Sorry guys for the late reply, but I think there's some confusion on what shake means. Shake is a rather complex thing, but it's mostly based on randomness (even if there's a randomness parameter), contrary to punch which has a linear decay. Shaking on a single axis requires the randomness value to be set to 90, as the docs say, and I admit it's not a really nice effect because Shake is more a 3D (or at least 2.5D) effect. If you want to shake on a single axis without any randomness then you're looking for a punch, not a shake, and thus DOPunchRotation.
@Demigiant If this is how the effect is suppossed to work, it's highly confusing, are you sure there's not a bug? For example:
transform.DOShakeRotation(1, new Vector3(0, 0, 50), randomness:0).SetLoops(-1); // This doesn't make the object rotate, as indicated
transform.DOShakeRotation(1, new Vector3(0, 50, 0), randomness:0).SetLoops(-1); // This makes the object rotate on the Y axis, even with "randomness" being 0
transform.DOShakeRotation(1, 50, randomness:0).SetLoops(-1); // This makes the object rotate on the X and Y axes, but not Z
Shouldn't the second line not make the object rotate since the randomness is 0, like the first line? And shouldn't the third line make the object rotate on Z (the randomness is 0, but we are not rotating on a single axis)? You mention it being a 2.5D effect, which I guess may be a clue, but I still don't really get what is going on. Why not Z?

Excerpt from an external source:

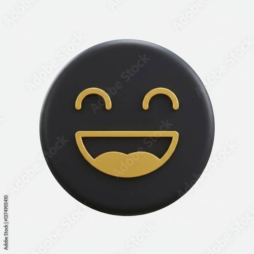 © Manji, Fototapeta premium Smiling Emoticon Render with Golden Elements on Clean White Background
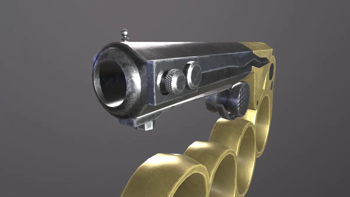 One of the early self-defense guns with a combination of brass knuckles, a small and finicky wavy-bladed dagger, and a single shot percussion pistol barrel.

Some strange solution of this
DOTween.Shake(() => transform.rotation.eulerAngles, x =>
{
var rotation = transform.rotation;
rotation.eulerAngles = Vector3.forward * x.x;
transform.rotation = rotation;
}, 1, 10, 8, 0);
same here
Some strange solution of this
DOTween.Shake(() => transform.rotation.eulerAngles, x => { var rotation = transform.rotation; rotation.eulerAngles = Vector3.forward * x.x; transform.rotation = rotation; }, 1, 10, 8, 0);
Problem solved, amazing!
I was confused at first to, because I misinterpreted the documentation. For a simple ShakeRotation around the Z axis that takes 1 second and rotates by max 45° use:
transform.DOShakeRotation(1, Vector3.forward * 45);
If you use a Vector3 as a parameter, you don't give a direction but a Vector3 of strenghts for each axis. So Vector3(0, 0, 45) means: Rotate max 0 degrees around X, max 0 degrees around Y and max 45 degrees around Z,
If you use float as a parameter, this value is used for all axes.
Works well. DOTween is great, thank you for making it.